Material provided
——

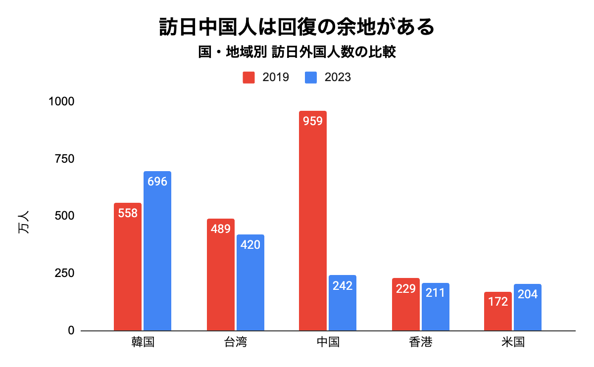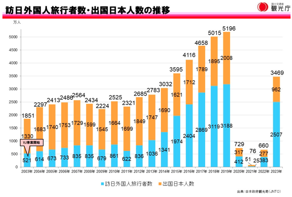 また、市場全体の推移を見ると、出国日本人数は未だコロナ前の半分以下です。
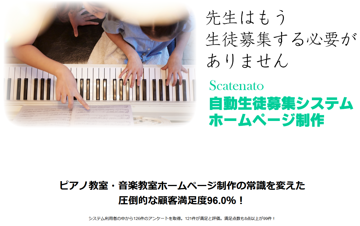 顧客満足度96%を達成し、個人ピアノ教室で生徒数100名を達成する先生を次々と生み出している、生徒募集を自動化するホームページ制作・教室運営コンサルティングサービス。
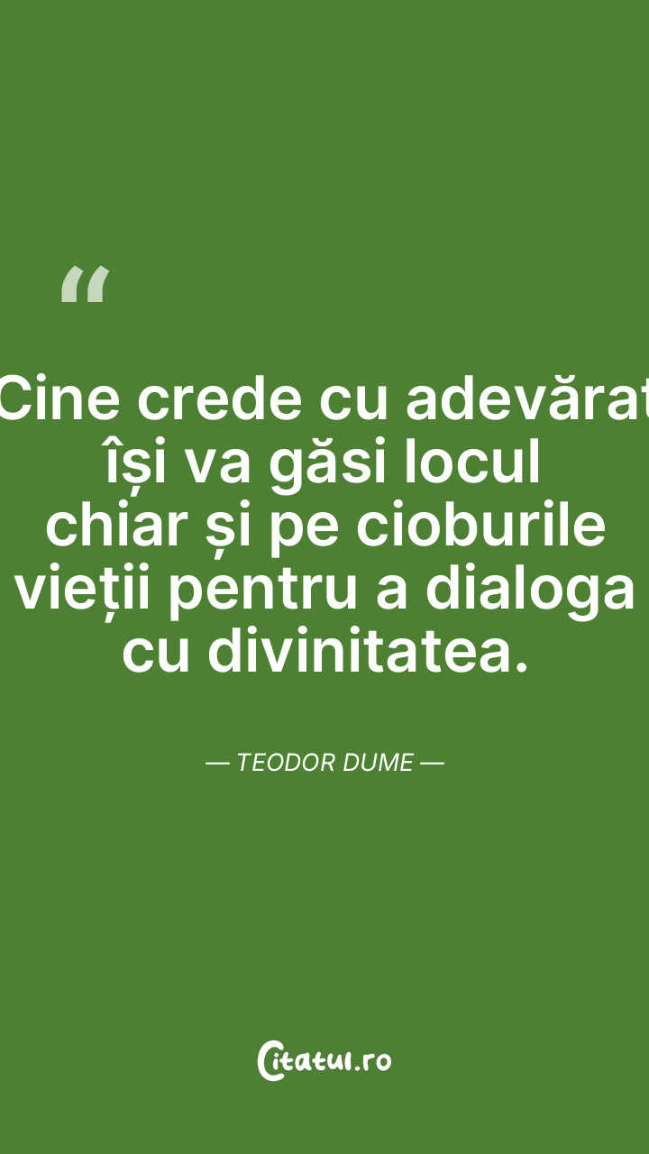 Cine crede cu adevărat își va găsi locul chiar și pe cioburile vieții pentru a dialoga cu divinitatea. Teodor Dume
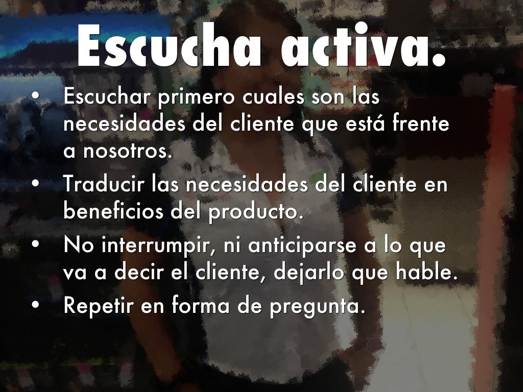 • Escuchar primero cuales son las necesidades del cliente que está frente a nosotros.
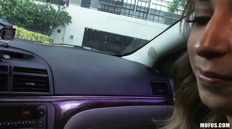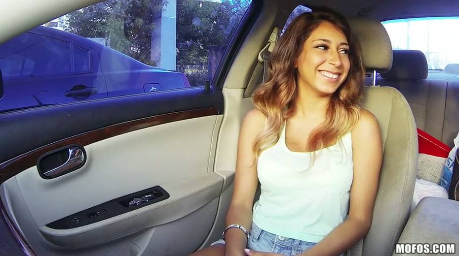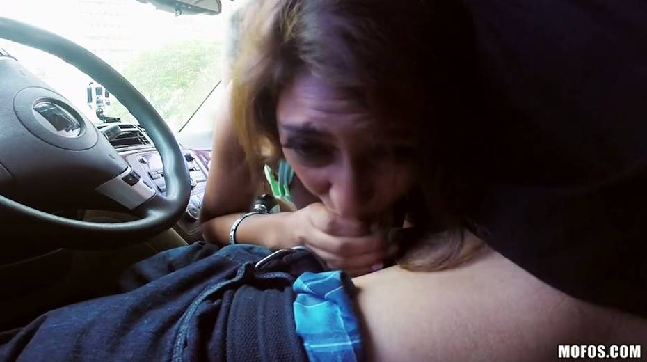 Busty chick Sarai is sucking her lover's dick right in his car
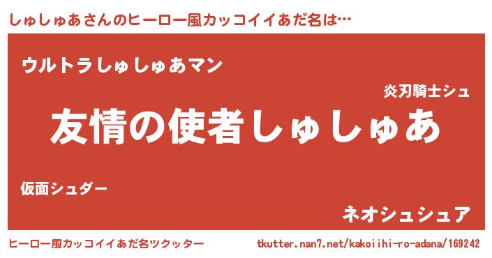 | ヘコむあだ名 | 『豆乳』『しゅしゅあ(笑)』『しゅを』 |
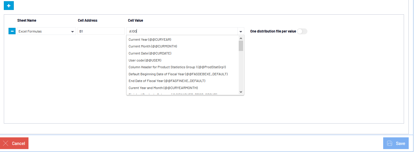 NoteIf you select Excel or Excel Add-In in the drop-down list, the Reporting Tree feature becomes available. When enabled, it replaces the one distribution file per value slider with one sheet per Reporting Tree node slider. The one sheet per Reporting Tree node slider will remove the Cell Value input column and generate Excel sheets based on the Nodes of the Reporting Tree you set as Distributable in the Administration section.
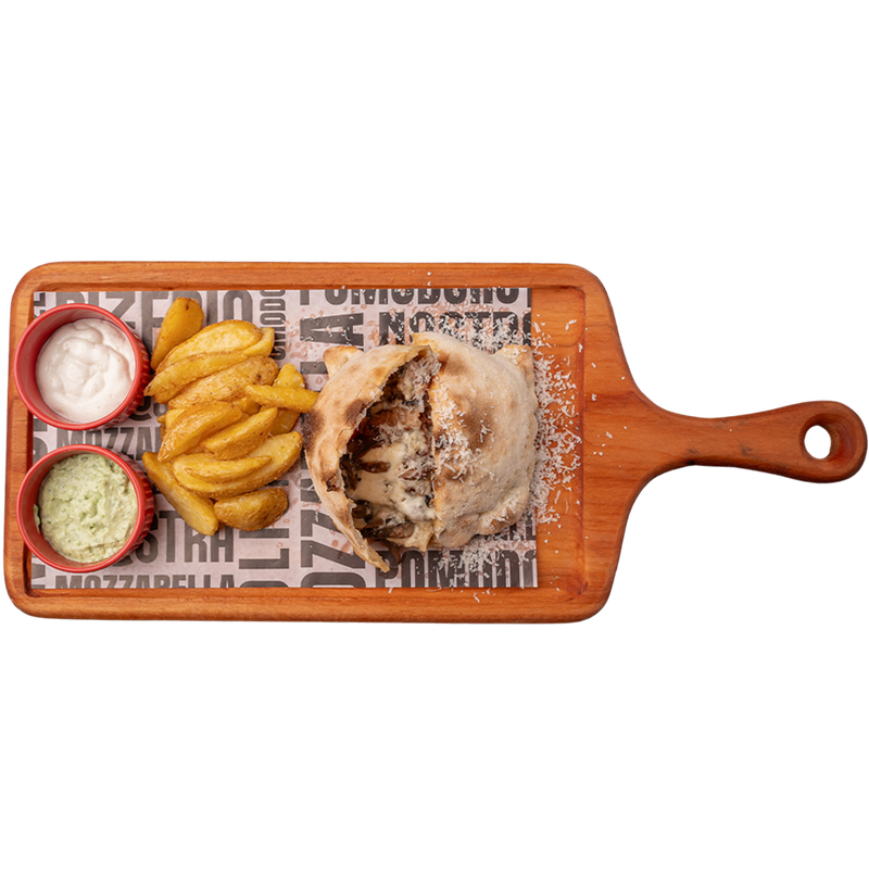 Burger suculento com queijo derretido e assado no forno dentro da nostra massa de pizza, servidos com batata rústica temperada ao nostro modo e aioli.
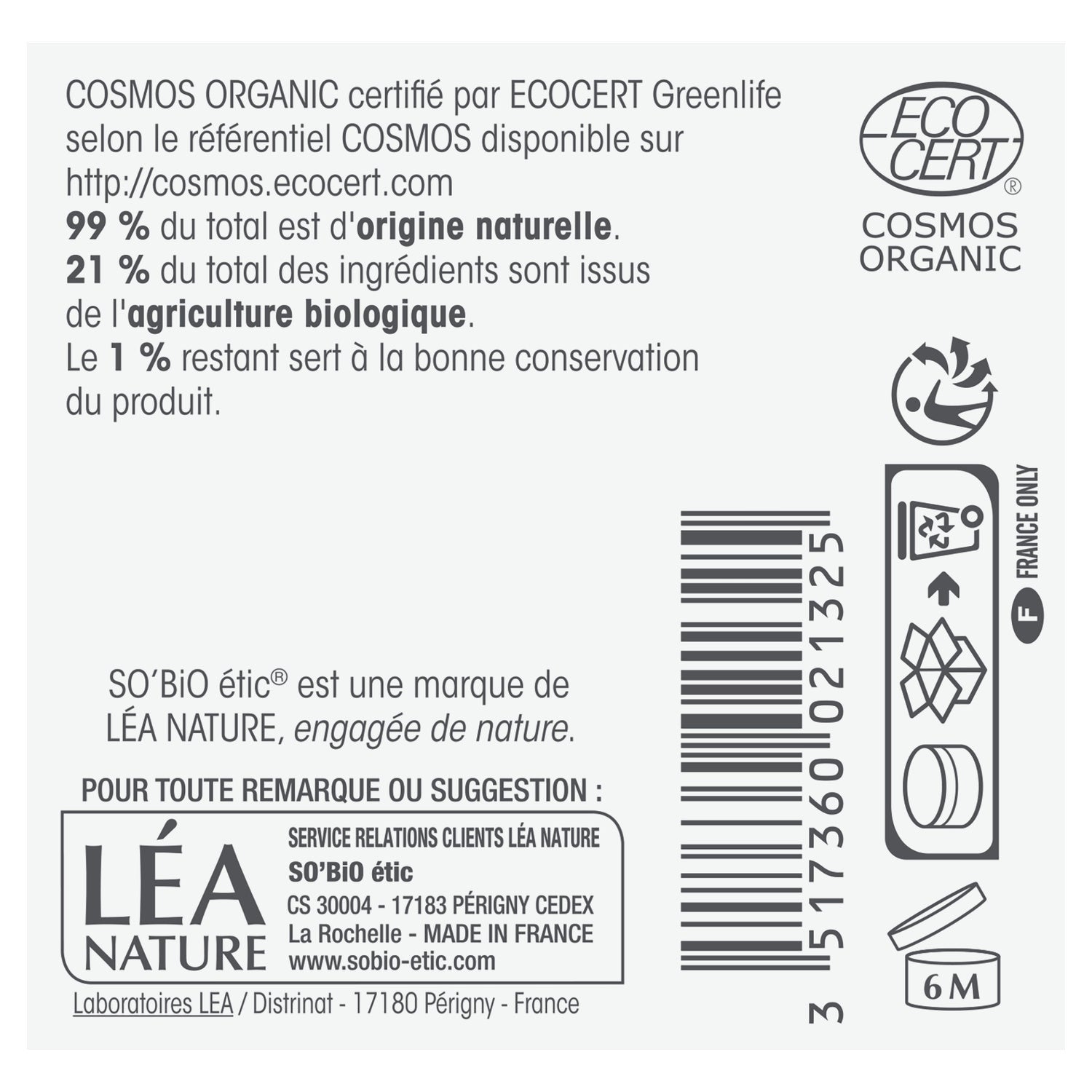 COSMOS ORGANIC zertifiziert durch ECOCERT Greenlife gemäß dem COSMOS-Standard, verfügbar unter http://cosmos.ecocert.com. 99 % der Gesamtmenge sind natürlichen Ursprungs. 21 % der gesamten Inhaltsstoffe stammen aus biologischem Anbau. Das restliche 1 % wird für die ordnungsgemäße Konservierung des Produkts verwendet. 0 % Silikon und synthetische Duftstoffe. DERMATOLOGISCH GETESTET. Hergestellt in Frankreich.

——

Transcribe nothing but the lines from the one containing "NoteIf you select" through the final line of the records, exactly as written and without pictures.

 NoteIf you select Excel or Excel Add-In in the drop-down list, the Reporting Tree feature becomes available. When enabled, it replaces the one distribution file per value slider with one sheet per Reporting Tree node slider. The one sheet per Reporting Tree node slider will remove the Cell Value input column and generate Excel sheets based on the Nodes of the Reporting Tree you set as Distributable in the Administration section.
 Burger suculento com queijo derretido e assado no forno dentro da nostra massa de pizza, servidos com batata rústica temperada ao nostro modo e aioli.
 COSMOS ORGANIC zertifiziert durch ECOCERT Greenlife gemäß dem COSMOS-Standard, verfügbar unter http://cosmos.ecocert.com. 99 % der Gesamtmenge sind natürlichen Ursprungs. 21 % der gesamten Inhaltsstoffe stammen aus biologischem Anbau. Das restliche 1 % wird für die ordnungsgemäße Konservierung des Produkts verwendet. 0 % Silikon und synthetische Duftstoffe. DERMATOLOGISCH GETESTET. Hergestellt in Frankreich.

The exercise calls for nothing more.